At such points, my interpretation of Magritte seeps over into my recollection of Saussure — which provokes me to wonder how extensively Magritte interacted with Saussure’s work (Magritte was only fifteen years old at the time of Saussure’s death). Googling for pages that contain both “Magritte” and “Saussure” brought these pages to my attention — undoubtedly there’s more to follow up in this trajectory, if I had but the leisure to pursue the question.

5 Comments:

Blogger Pascale Soleil said...

Ooo, intriguing!

I'll probably have more to say on this generally, but did you notice that phrase "sont de la même substance que"? It's an echo of the Nicene Creed: "étant d'une substance avec le Père"!!

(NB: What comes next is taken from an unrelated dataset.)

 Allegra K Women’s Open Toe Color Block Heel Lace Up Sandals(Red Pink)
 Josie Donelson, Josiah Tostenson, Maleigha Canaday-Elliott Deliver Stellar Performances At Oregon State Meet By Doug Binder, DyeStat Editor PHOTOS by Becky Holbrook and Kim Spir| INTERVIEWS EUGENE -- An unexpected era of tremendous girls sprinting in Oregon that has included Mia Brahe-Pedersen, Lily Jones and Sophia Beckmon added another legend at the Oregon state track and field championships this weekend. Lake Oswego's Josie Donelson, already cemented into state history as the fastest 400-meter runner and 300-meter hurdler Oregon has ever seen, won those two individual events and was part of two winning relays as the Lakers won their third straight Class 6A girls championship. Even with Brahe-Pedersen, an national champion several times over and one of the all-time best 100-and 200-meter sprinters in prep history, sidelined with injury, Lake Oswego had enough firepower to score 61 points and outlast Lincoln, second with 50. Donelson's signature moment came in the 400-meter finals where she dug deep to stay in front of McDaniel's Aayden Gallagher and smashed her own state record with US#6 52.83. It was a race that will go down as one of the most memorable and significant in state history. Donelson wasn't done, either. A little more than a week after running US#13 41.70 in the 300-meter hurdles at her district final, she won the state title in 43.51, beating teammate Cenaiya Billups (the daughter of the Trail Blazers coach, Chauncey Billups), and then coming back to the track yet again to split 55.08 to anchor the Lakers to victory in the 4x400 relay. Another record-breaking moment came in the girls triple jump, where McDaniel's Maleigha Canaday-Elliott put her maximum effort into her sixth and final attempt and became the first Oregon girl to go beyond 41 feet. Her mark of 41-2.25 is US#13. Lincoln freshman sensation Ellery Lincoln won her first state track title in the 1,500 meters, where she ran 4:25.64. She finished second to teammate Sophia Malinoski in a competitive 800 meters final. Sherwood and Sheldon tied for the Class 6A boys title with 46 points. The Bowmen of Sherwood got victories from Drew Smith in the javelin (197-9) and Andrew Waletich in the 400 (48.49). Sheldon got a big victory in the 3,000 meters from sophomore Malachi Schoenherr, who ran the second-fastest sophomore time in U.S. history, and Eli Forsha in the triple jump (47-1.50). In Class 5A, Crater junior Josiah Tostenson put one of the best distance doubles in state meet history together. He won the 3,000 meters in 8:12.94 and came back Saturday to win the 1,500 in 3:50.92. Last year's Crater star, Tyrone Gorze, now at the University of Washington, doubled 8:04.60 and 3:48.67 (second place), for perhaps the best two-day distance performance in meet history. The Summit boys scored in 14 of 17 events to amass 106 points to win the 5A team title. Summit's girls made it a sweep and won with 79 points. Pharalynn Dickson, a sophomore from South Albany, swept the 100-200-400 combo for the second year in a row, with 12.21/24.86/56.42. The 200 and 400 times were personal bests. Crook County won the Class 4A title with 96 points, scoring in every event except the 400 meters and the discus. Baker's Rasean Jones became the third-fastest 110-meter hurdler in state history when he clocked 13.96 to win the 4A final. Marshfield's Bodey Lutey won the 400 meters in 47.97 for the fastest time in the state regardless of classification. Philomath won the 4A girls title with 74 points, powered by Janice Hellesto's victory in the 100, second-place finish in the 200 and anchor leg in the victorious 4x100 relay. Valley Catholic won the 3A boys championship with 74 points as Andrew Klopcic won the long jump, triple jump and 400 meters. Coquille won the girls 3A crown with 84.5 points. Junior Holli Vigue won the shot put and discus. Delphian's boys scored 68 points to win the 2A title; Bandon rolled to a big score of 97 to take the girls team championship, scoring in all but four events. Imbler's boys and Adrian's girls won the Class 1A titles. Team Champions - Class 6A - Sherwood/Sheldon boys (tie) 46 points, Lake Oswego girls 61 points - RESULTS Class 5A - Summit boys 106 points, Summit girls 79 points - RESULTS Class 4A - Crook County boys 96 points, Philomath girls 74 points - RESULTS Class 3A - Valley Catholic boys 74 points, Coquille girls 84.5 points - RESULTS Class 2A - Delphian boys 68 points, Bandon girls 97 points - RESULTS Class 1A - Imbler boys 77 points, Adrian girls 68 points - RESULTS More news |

So, another possible translation: "In a picture, words are of the same being as images." I think this could have a big impact on how you interpret this presentation.

Also, have you figured out what the rebus-word is in this picture?

(P.S. another typo in the caption: "lees")

February 15, 2007 11:36 AM  
Blogger Pascale Soleil said...

I suspect is says "abhomination"... but I'm not sure how the block/brick/box/sqare works.

February 15, 2007 11:43 AM  
Blogger Tom Matrullo said...

The image with its syllables/phonemes is annoying, no? I've tried plugging in words for face, mouth, nose, head, etc., with no luck making it "resolve" into some rebus-meaning.

Yet it is very suggestive - the "face" can be figure in French - suggesting the surface, exterior of a trope, while the box or container suggests interiority. The face is radically open, sans mouth or ear, the box is closed, offering no clue what it might contain, if anything.

'Ab' and 'no' offer numerous possible meanings, many of which point to absence, negation, awayness, fromness.

What I'm left with is a host of notions but none that put all the elements into a single intelligible word/meaning.

Perhaps M. is evincing the mutual interference of these parts of the "spectrum"?

February 20, 2007 7:28 AM  
Blogger AKMA said...

(Fixed the typo, Pascale — thanks!)

I'm pretty unimaginative; I just construed the letters as the beginning and middle of the alphabet.

A, B, a face, N, O, an oblong solid. . . .

I agree that the choice of a face and an apparent three-dimensional solid matter a great deal. The face involves questions of “recognition,” the kind of physiognomic knowledge that matters so much in research into brain functioning and differences in kinds of knowing. The box reintroduces the contrast between the flat picture and the occluded interpretive work by which we render it as solid (as in the frame a few pictures ago, where the image implies the existence of objects behind what the picture depicts.

February 24, 2007 10:11 AM  
Blogger AKMA said...

We talked about this frame in class today, and followed up the “allusion to the Nicene Creed” angle. With only a shade of information, not a rich base of data, we found that the Creed in French seemed to take two forms: one with the form d'une même substance, the other with de même nature, along with the étant dune substance example you cite.